Robyn Hernandez


While I was growing up, I had a great many theoretical conversations about capital punishment. It always seemed like a good idea, and I didn’t consider my stance hypocritical when I started teaching youth gang members that killing is never a solution. Then in 1994, my grandmother was murdered. She was in her eighties, and I had imagined that once you made it past 70 you didn’t have to worry about dying violently. When Nana was killed, I forgot what I told my students every day, that all killing, all revenge is wrong; I just wanted the person who killed her to die. I lived with that poison in my soul for a while, and then I had to stop thinking about it because it was getting in the way of my own life.

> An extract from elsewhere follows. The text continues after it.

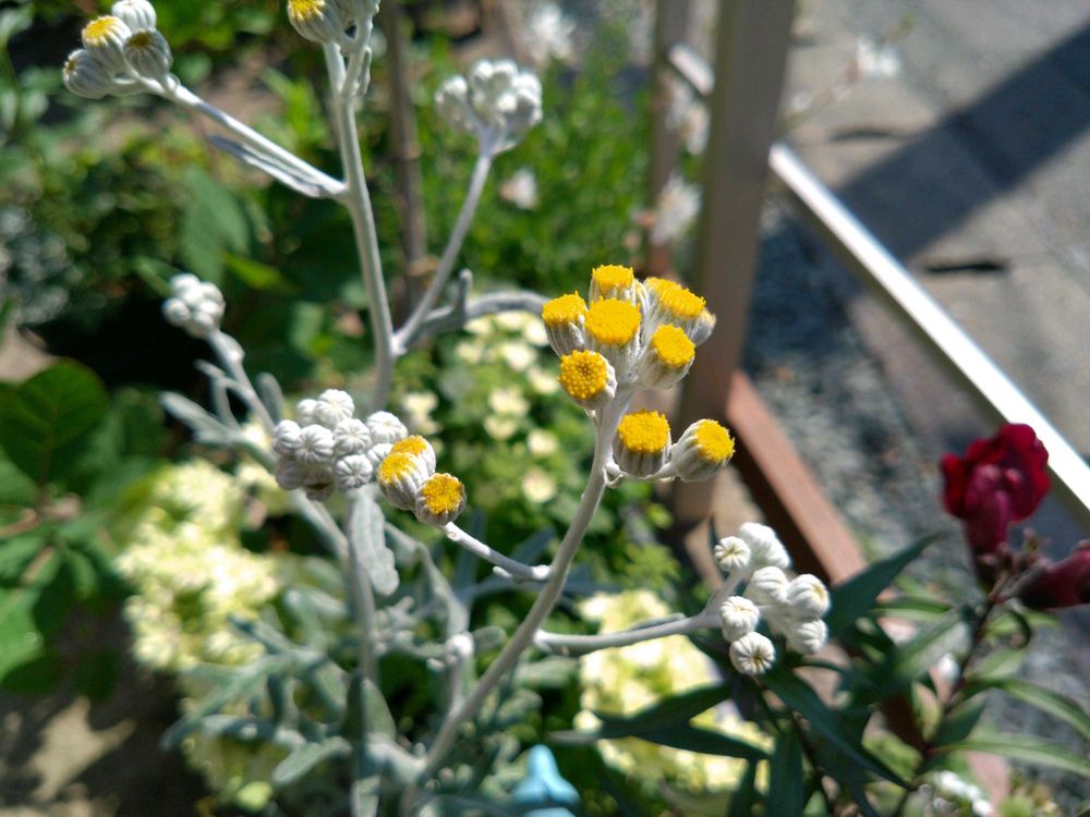 キンギョソウとシロタエギクが咲いて、ちょっとだけ賑やかに♪

Had I been there when they caught my grandmother’s murderer, I would have wanted to kill her myself. I feel differently now. After the heat of the moment, you have time to think. You realize that killing the killer won’t bring back the loved one. You realize that for most criminals the death penalty is not a consideration when they’re committing their crimes, or if it is, it only inspires them to “go for broke.”

I realized that the solution was to be pro-active rather than reactive. If you have the time and the energy, you do something positive to change things. You work with at-risk kids. You work with the media and try to make them be more sensitive to the families of murder victims. You work to dispel the idea that all families want or need revenge. You work to stop the killing.

Robyn is a teacher in Northern California.